Lorente de Nó made a substantial contribution to our understanding of the vestibular system. Amongst these, he meticulously detailed the course of the vestibular nerve and its central projections. He described the vestibulo-ocular reflex as the consequence of an integration of the various nuclei and connections across the vestibular system, rather than a simple three-neuron arc. He also highlighted the role of the reticular formation in the generation of the fast phase of the nystagmus.

CONCLUSIONS:

Lorente de Nó was a pioneer of modern neuro-otology, having made outstanding contributions to vestibular neuroscience, forging novel discoveries that still burn true today.

Keywords

Lorente de Nó vestibular vestibulo-ocular reflex history of neuro-otology physiology anatomy

1 Introduction

1.1 A roadmap of Lorente de No’s working life

Rafael Lorente de Nó (Fig. 1) was born in Zaragoza, Spain in 1902 and died in Tucson, AZ, USA in 1990. His life and work were greatly determined by the influence of his two masters: (i) Santiago Ramón y Cajal (1852–1934), father of Neurosciences, awarded the Nobel Prize in Physiology or Medicine in 1906 for his work on the structure of the nervous system; (ii) Robert Bárány (1876–1936), father of Neuro-otology, awarded the same prize in 1914 for his work on physiology and pathology of the vestibular system, and himself a disciple of Adam Politzer (1835–1920), the grandfather perhaps of Otology. In fact, Lorente de Nó was himself nominated for the Nobel Prize on at least four occasions, although the prize ultimately eluded him [1].

Fig. 1

Rafael Lorente de Nó 1902–1990) (Courtesy of the Rockefeller Archive Center).

Lorente began to study Medicine in Zaragoza (Spain) and whilst still a medical student published two neuro-histological works. His then professor of histology stated, prophetically:

“He has a true vocation, few will be equal to him in quickly learning the techniques that are taught to him, and he experiences flashes of originality, perhaps a little compressed. I firmly believe that if he persists in the laboratory he will mature and become a good teacher” [55].

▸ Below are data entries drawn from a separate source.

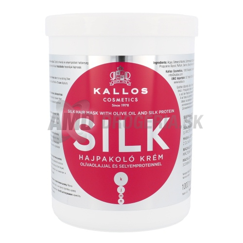 Kallos Silk maska s proteínmi hodvábu a extraktu oleja intenzívne hydratujú a vyhladzujú vlasy, odstraňujú známky starnutia, vyživujú, zjemňujú a udržujú pružnosť vlasov.
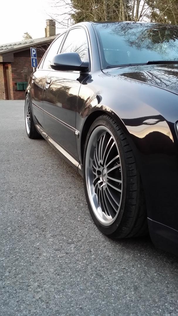 Tänään tuli vanteet 9,5x18 et:30 joka nurkkaan istuu kun nenä päähän! 225/40/18 rengastuksella.. Taakse vähän speiseriä ajattelin laittaa ni sitten täydellinen :)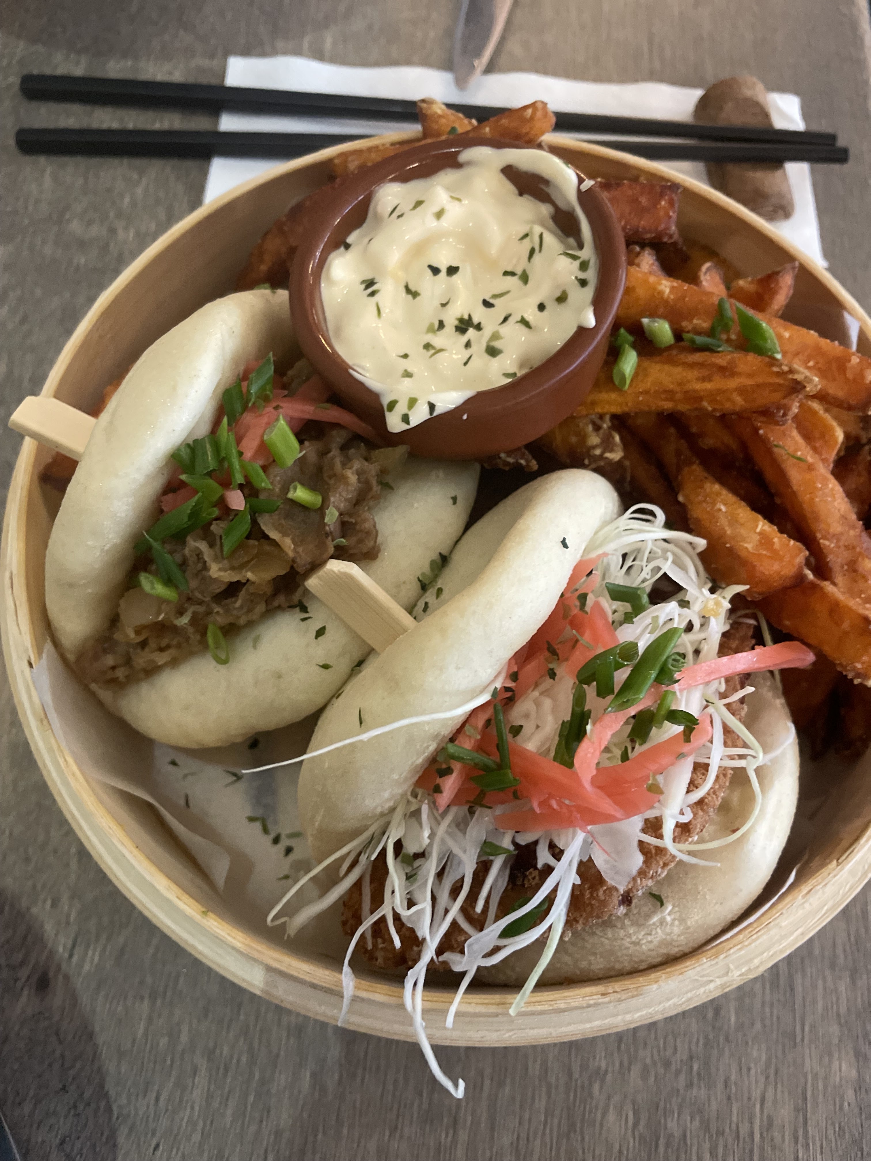 ✨️ Quel bonheur de retrouver de véritables saveurs asiatiques ! 🍚 Nous avons testés le fameux Gyudon (15€) : est une belle découverte ! Du riz bien chaud, des lamelles de bœuf, des crudités pour le croquant et un oeuf coulant pour le liant ! En bref : tout simplement succulent ! Le duo de baos (14€) est également un excellent choix ! Les buns sont bien moelleux (au karaage : une tuerie) et les frites de patates douces !!! (les meilleures que j'ai pu tester). 😇 Une équipe sympathique dans un joli cadre qui va déménager en août à 2 pas entre la grosse cloche et non loin des quais.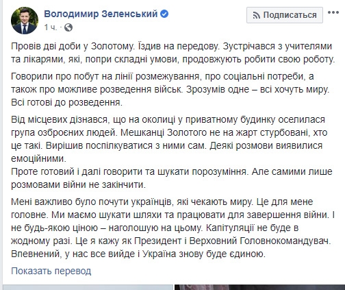 На свое странице в Facebook президент рассказал идиллическую историю о том, как за двое суток в Золотом он встречался с учителями и врачами, а также – ездил на передовую. Во время поездки Зеленский «понял одно - все хотят мира. Все готовы к разведению».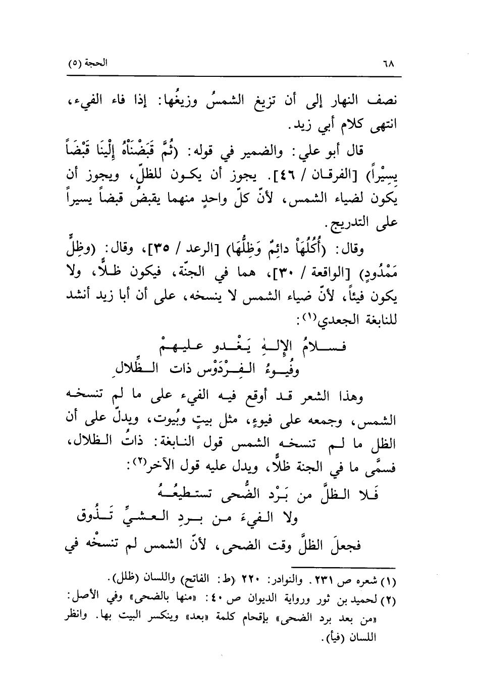 وقال: أكلها دائم وظلها [الرعد/ 35]، وقال: وظل ممدود [الواقعة/ 30]، هما في الجنّة، فيكون ظلّا، ولا يكون فيئا، لأنّ ضياء الشمس لا ينسخه، على أن أبا زيد أنشد للنابغة الجعدي «1»:

After completing his third- and fourth-year examinations, he went to Madrid to work as a fellow at the Cajal Institute in 1920, aged 18 years old. During his time with Cajal, he learned to master a range of central nervous system staining methods, especially those using silver salts. According to Charles S. Sherrington (1857–1952), the neurophysiologist who introduced the term ‘synapse’: “if ever a man had a school, it was Cajal; a school of colleagues and pupils” [56]. Amongst these disciples were Francisco Tello, Pío del Río-Hortega, and Fernando de Castro, and whom, with Lorente, constituted the so-called Spanish Neurohistological School [3].

In 1923, as a doctoral student, Lorente published a paper on the rodent brain [14], culminating in a seminal work on the cytoarchitecture of the cerebral cortex in 1938 [47]. His descriptions formed the basis for the hypothesis on the columnar organization of the somatic sensory cortex developed by Vernon Mountcastle [53] and later, the organization of the visual cortex by David Hubel and Torsten Wiesel [12].

Toward the end of 1923 he attended a course on physiology and vestibular exploration in Zaragoza taught by Bárány. There, Lorente impressed Bárány with the results of his own investigations and was invited to Uppsala (Sweden) to continue these studies [50]. Lorente remained with Bárány until 1929, working mainly on the anatomy and physiology of the vestibulo-ocular reflex (VOR). During these years, he also made several stays in Berlin with Cecile and Oskar Vogt investigating the cytoarchitecture of the hippocampus.

Upon his return to Spain, he did not find a stable position at the Cajal Institute, so he trained as an otolaryngologist in Madrid, Berlin, Königsberg, Frankfurt and, once again, in Uppsala with Bárány. He then worked for eleven months as head of the Otorhinolaryngology service in a newly created modern hospital (Casa de Salud Valdecilla, today Hospital Universitario Marqués de Valdecilla), in Santander, Spain. Despite an excellently equipped laboratory of histology and of auditory and vestibular physiology, his clinical workload prevented him from dedicating himself to research. So, in 1931, he accepted a position as director of research at The Central Institute for the Deaf (CID) (St. Louis, MO, USA) [9].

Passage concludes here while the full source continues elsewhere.